Information released from investigators has created some conspiracy theories concerning the fate of the passengers on the plane. One prominent theory is that the plane was hijacked by the pilots or someone with advanced knowledge of the Boeing 777’s Flight Management System — the computer system that keeps the plane on track to its destination. Another theory poses the sad, grim possibility that the plane went down in the Indian Ocean, giving credibility to debris found by satellites in the ocean that are thought to be linked to the MH370.

 

Despite the evidence against the pilots, however, the question that comes to mind is not “why would they do such a thing?” but first and foremost: how is it even physically possible to lose a commercial plane in thin air?

 

We have gone to great lengths to include a flight data recorder — more commonly referred to as a “black box” — in airplanes, to record sounds and pressure that investigators utilize to inspect crashes, yet we have not had the initiative to discover a way to place a tracking device on them.
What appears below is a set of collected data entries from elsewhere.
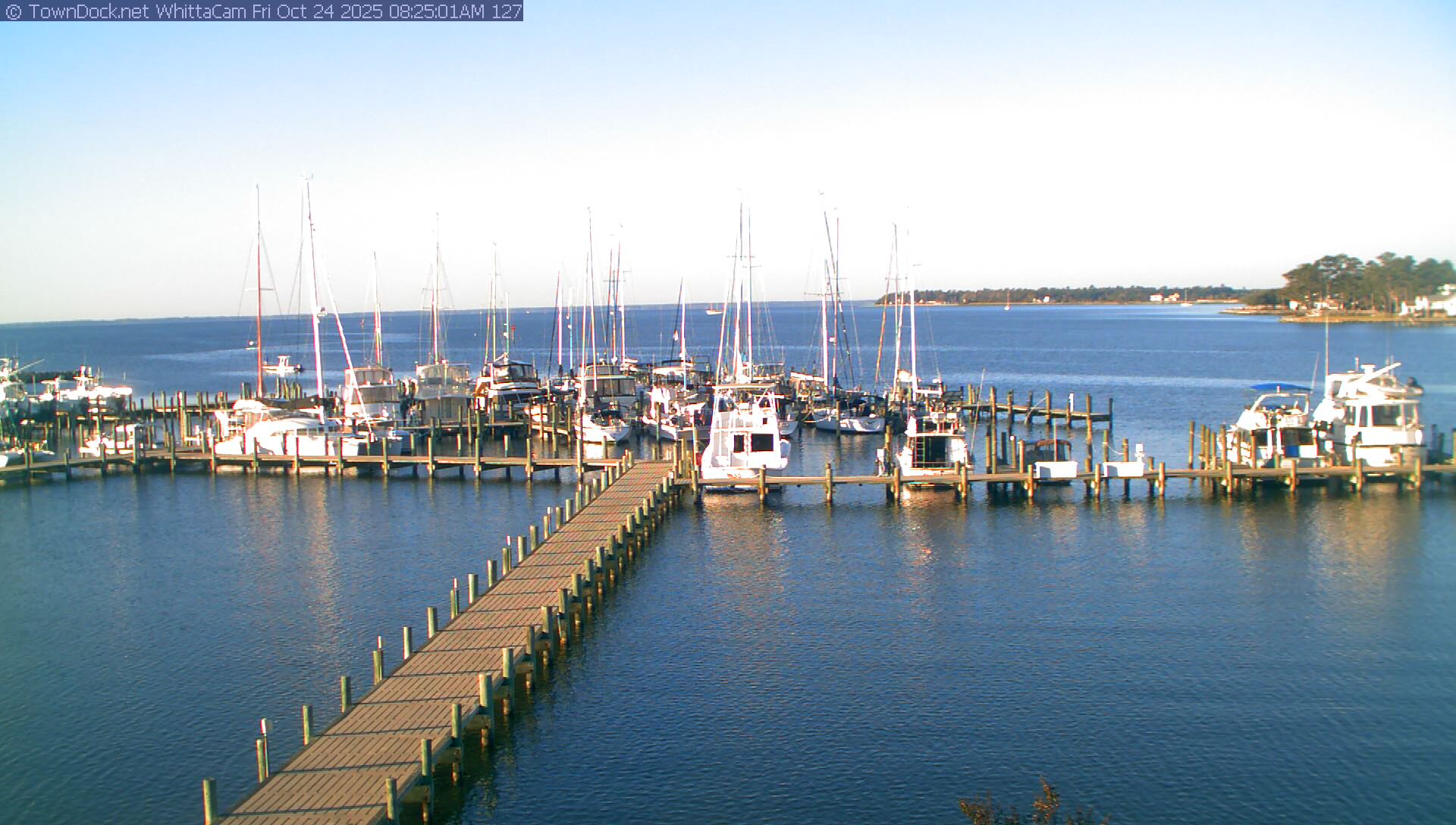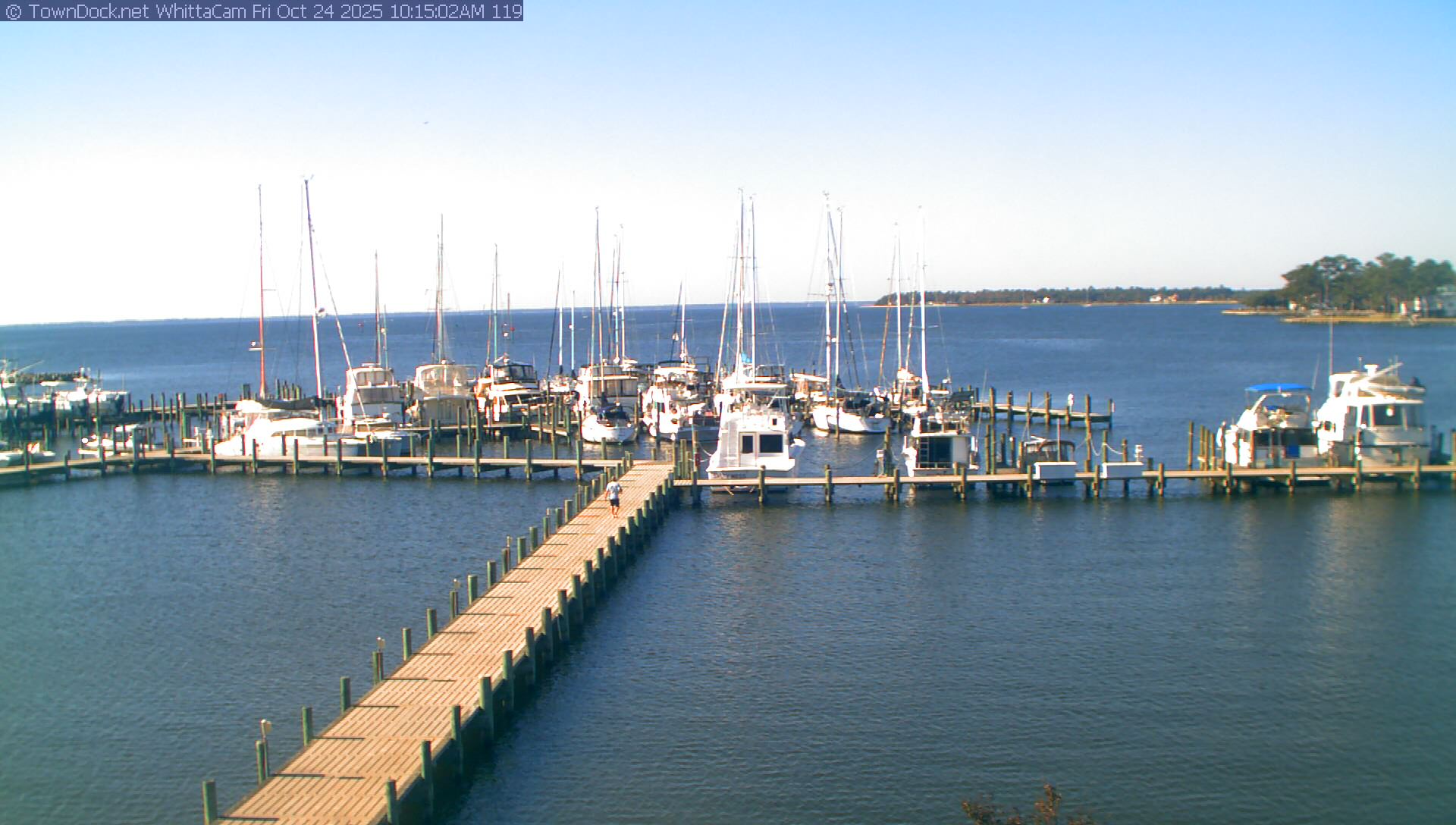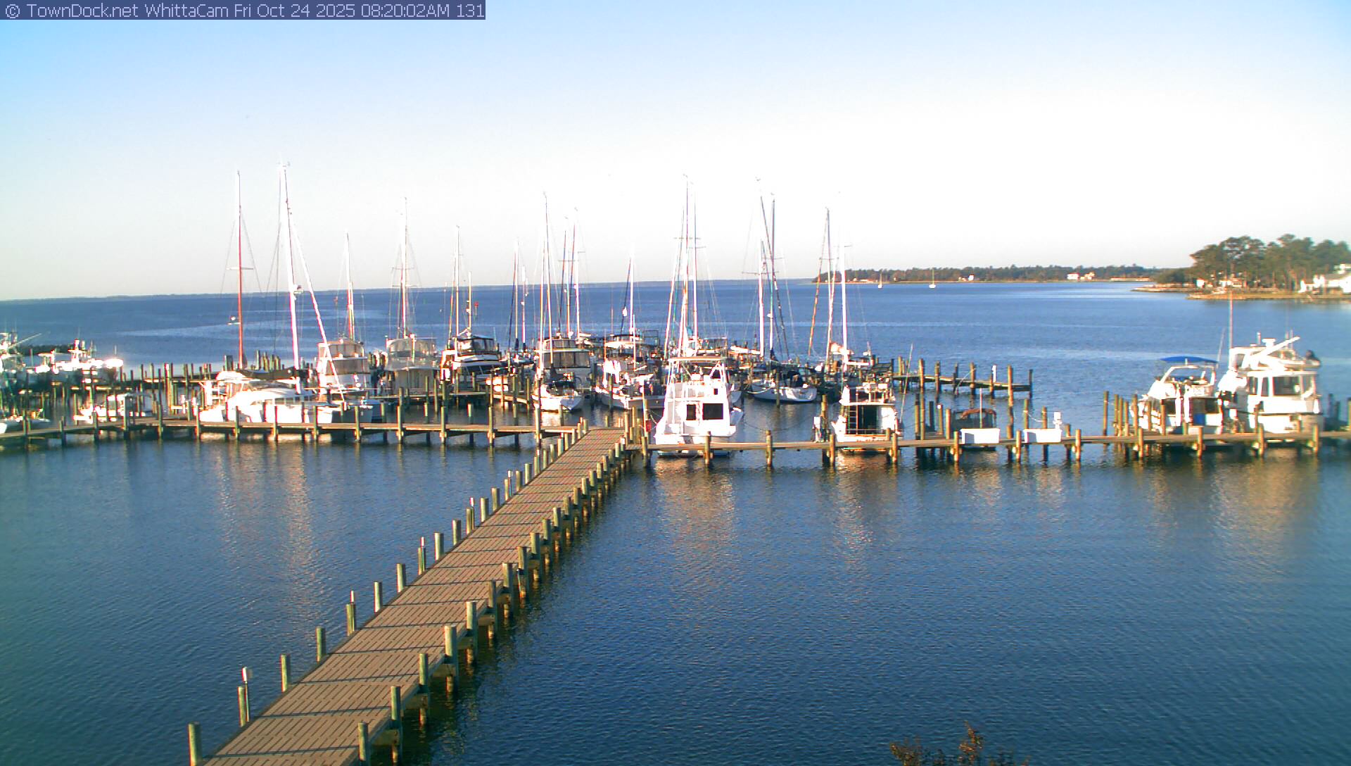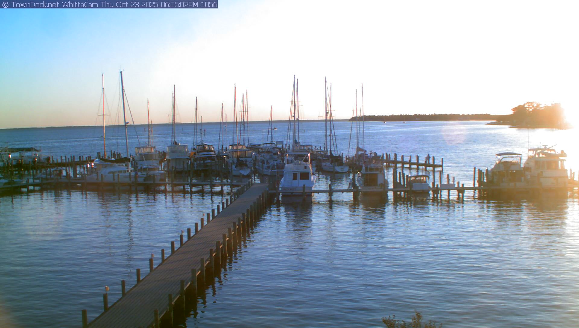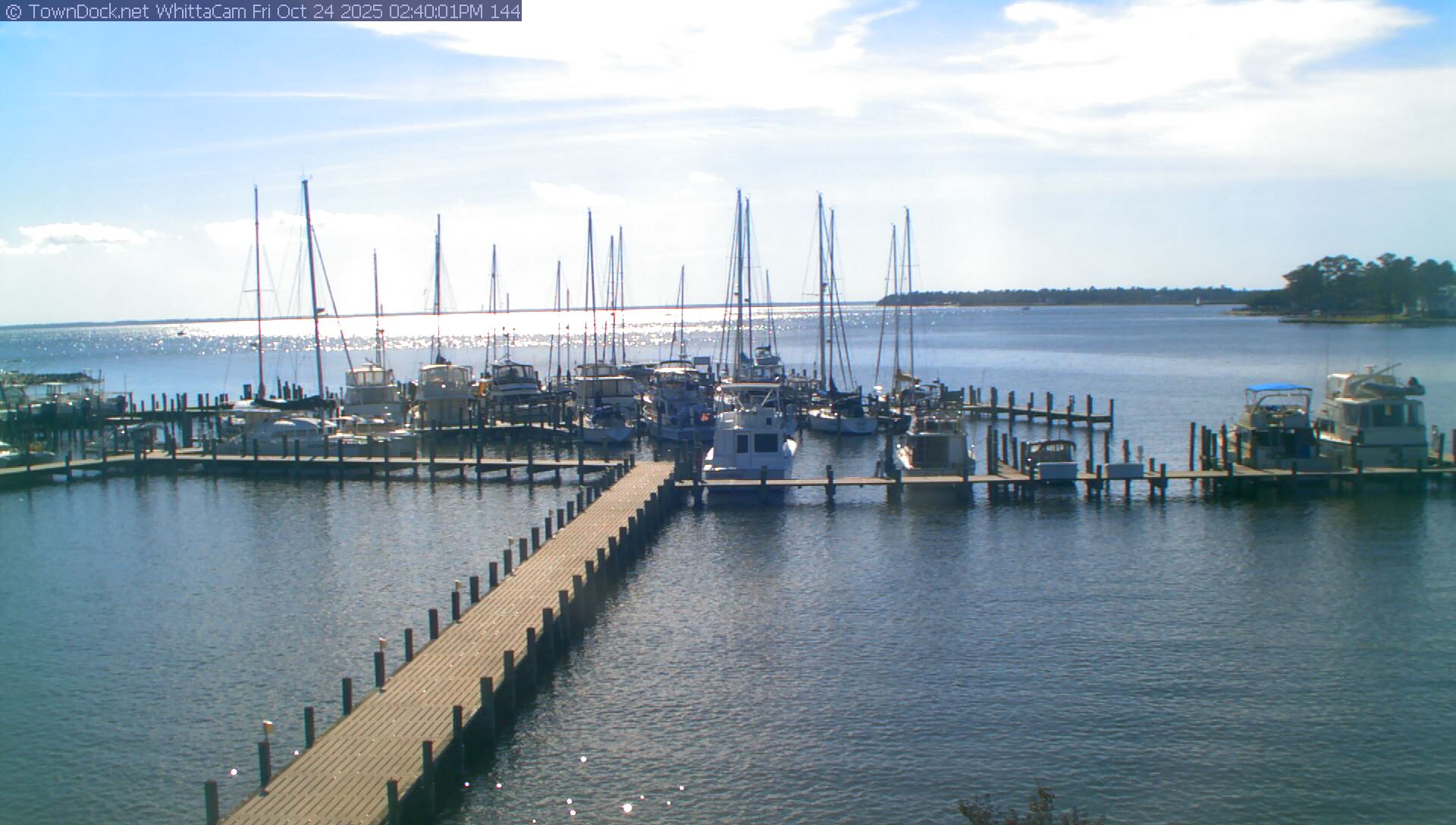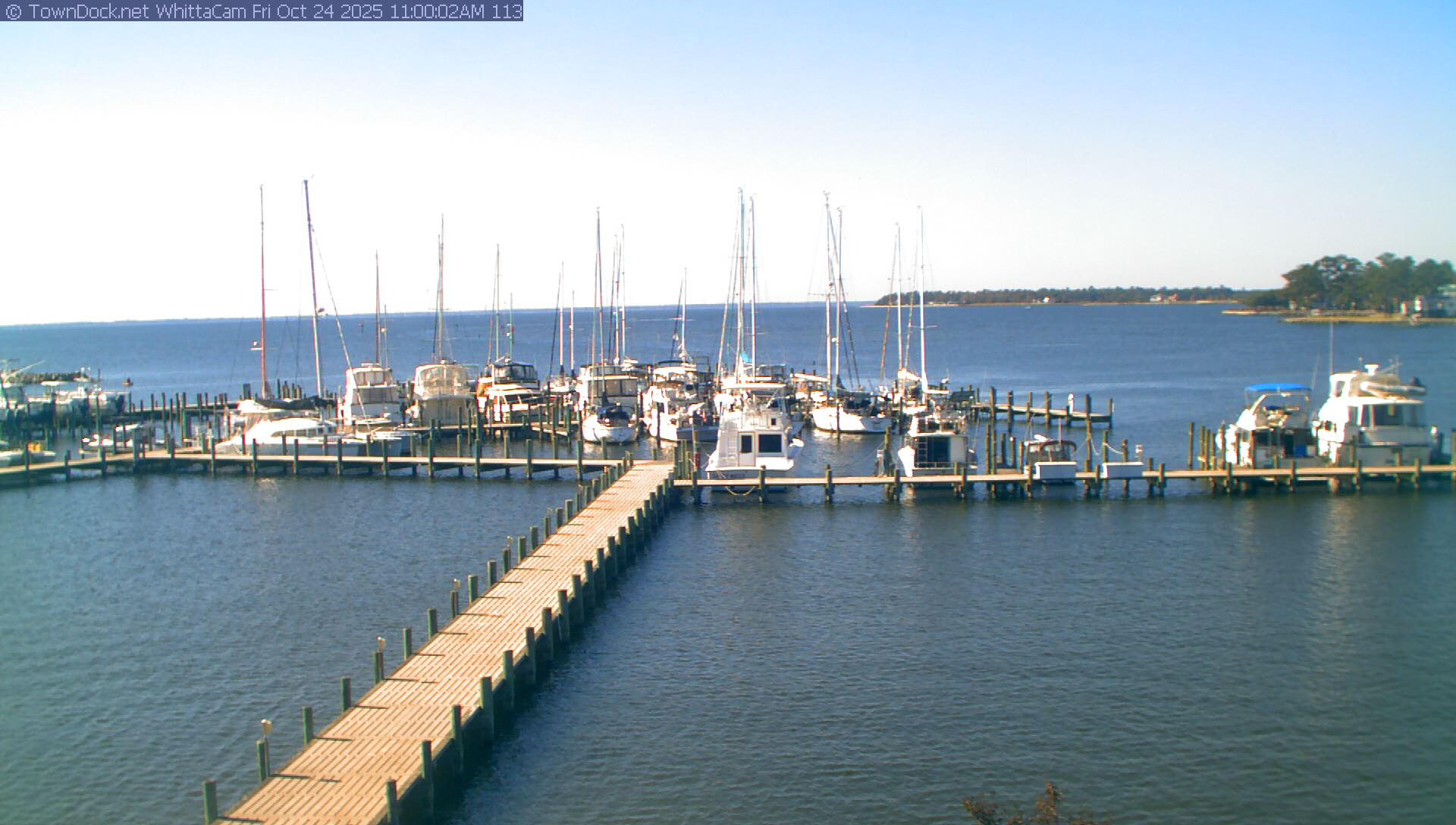 shows Whittaker Pointe Marina and the Whittaker Creek Channel entrance, with the Neuse River in the background. WhittaCam takes a new picture every five minutes from dawn til just before dusk. Click on the image to see a larger version. Once you see that larger version, you can click (see arrow at right) to go back in time and see recent photos. Harbor Cam currently takes photos from 6:30am to 6:40pm.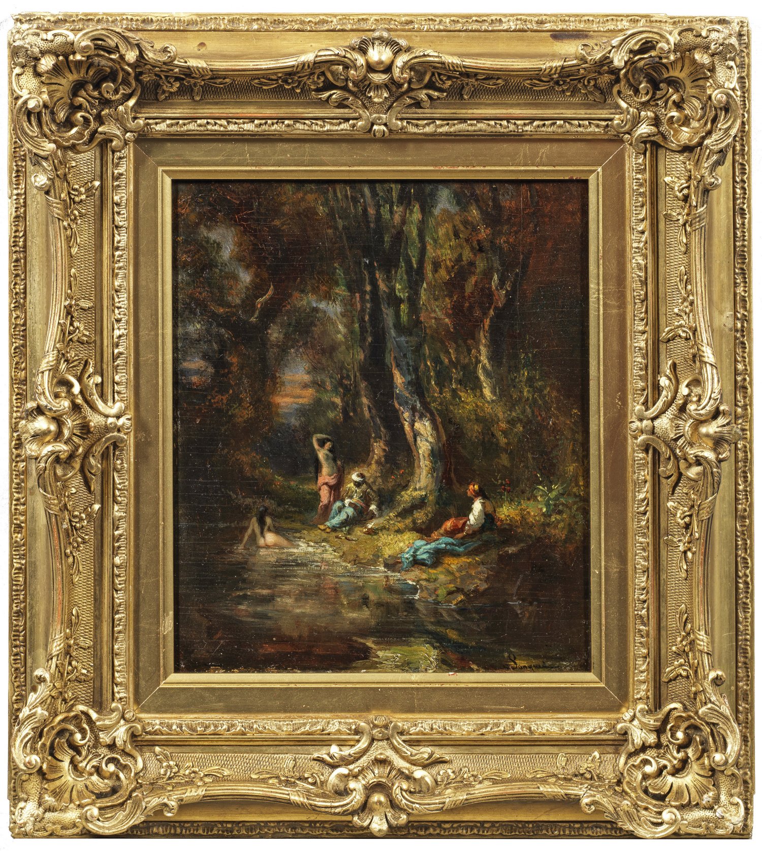 Mehrfigurige Szene auf einer Waldlichtung. Longuet verbindet in diesem kleinformatigen, für sein Oeuvre repräsentativen Gemälde ein Landschaftsmotiv aus dem Wald von Fontainebleau mit einem orientalischen Thema und Aktdarstellungen in Gestalt der Badenden. Geschildert werden ein im Wasser sitzender Halbakt als Rückenansicht, ein stehender Halbakt und zwei weitere, am Ufer sitzende Figuren in orientalischer Kleidung bzw. mit Turban. Longuet, der sein Atelier im Pariser Künstlerviertel Montmartre hatte, wurde von Narcisso Virgilio Díaz de la Peńa und der Schule von Barbizon beeinflusst. 1831-1850 stellte er auf dem Salon in Paris aus. Werke Longuets befinden sich u. a. im Musée Magnin in Dijon und dem Musée Farbre in Montpellier. Öl/Holztafel. R. u. sign.; 29 cm x 23 cm. Rahmen.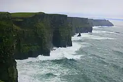 The Cliffs of Moher are one of Ireland's top visitor attractions, and include a protected colony of cliff-nesting seabirds. The area was designated as a Refuge for Fauna in 1988, and as a Special Protection Area for Birds (SPA) under the EU Birds Directive in 1989.[13]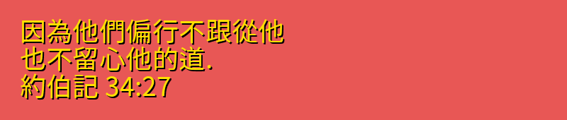 今日分享的中文聖經:「因為他們偏行不跟從他、也不留心他的道.」來自聖經「約伯記」第「34章27節」,你可以繼續向下拉看到聖經卷書完整章節。每日中文聖經從神的話語中聆聽神的聲音,引導我們的人生,指導我們人生的方向,讓我們做出正確的選擇,而做出這些正確選擇的原則都在聖經中,所以我們需要讀神的話語,認識他的話語,把神的話語藏在心裡。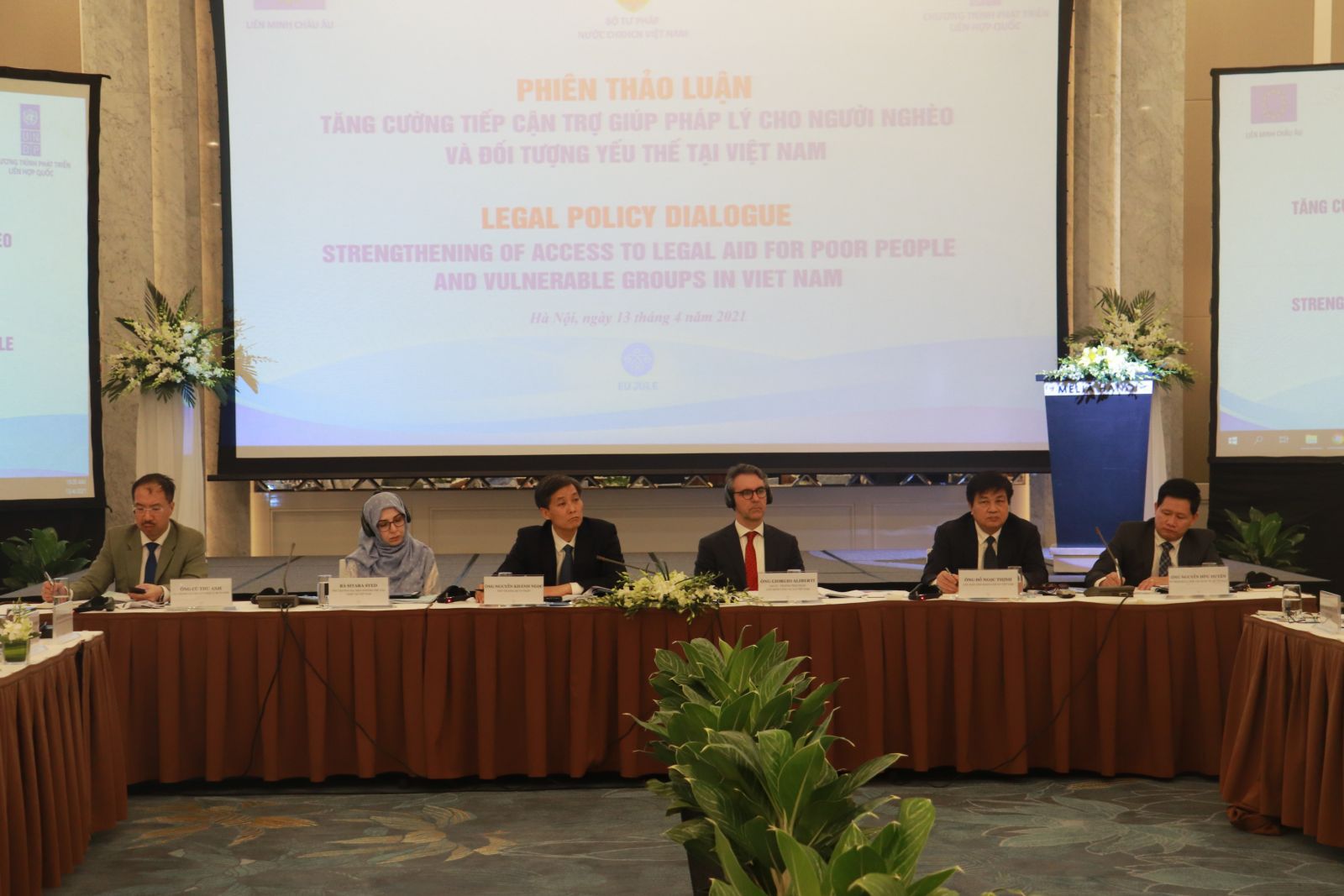 Ngày 13/4/2021, tại Hà Nội, Bộ Tư pháp phối hợp với Phái đoàn Liên minh châu Âu và Chương trình phát triển Liên Hợp Quốc tại Việt Nam tổ chức Hội thảo “Tăng cường tiếp cận trợ giúp pháp lý cho người nghèo và nhóm yếu thế”. Tham dự và đồng chủ trì Hội thảo có Thứ trưởng Bộ Tư pháp Nguyễn Khánh Ngọc; ông Giorgio Aliberti, Đại sứ, Trưởng Phái đoàn Liên minh châu Âu tại Việt Nam; bà Sitara Syed, Phó Trưởng Đại diện thường trú UNDP tại Việt Nam.

A tracking device on an aircraft might be what is needed to save an airline the embarrassment, the time, and the lives of 239 passengers.

 

We have the ability to track 317 million domestic strangers through their phones and tablets, yet we have a plane that has been missing for over two weeks now.  The sheer irony of it all illustrates that we have our priorities out of order, and that does nothing for the nerves of frequent or potential flyers.  People are frightened; as seen with a Virginia native, Tracy Clements, who stated, “It makes [her] afraid to have [her] son fly to his Naval cadet retreat … I may end up driving him there, so I don’t worry.”

 

Many people drive in lieu of flying; however, the fear of getting on a flight is evident when Clements reveals that the drive is from Comer, Ga. to Pensacola, Fla. — a nine hour ride. The amount of time it would take to fly from Atlanta to Pensacola, Fla., according to TravelMath, is approximately one hour and four minutes.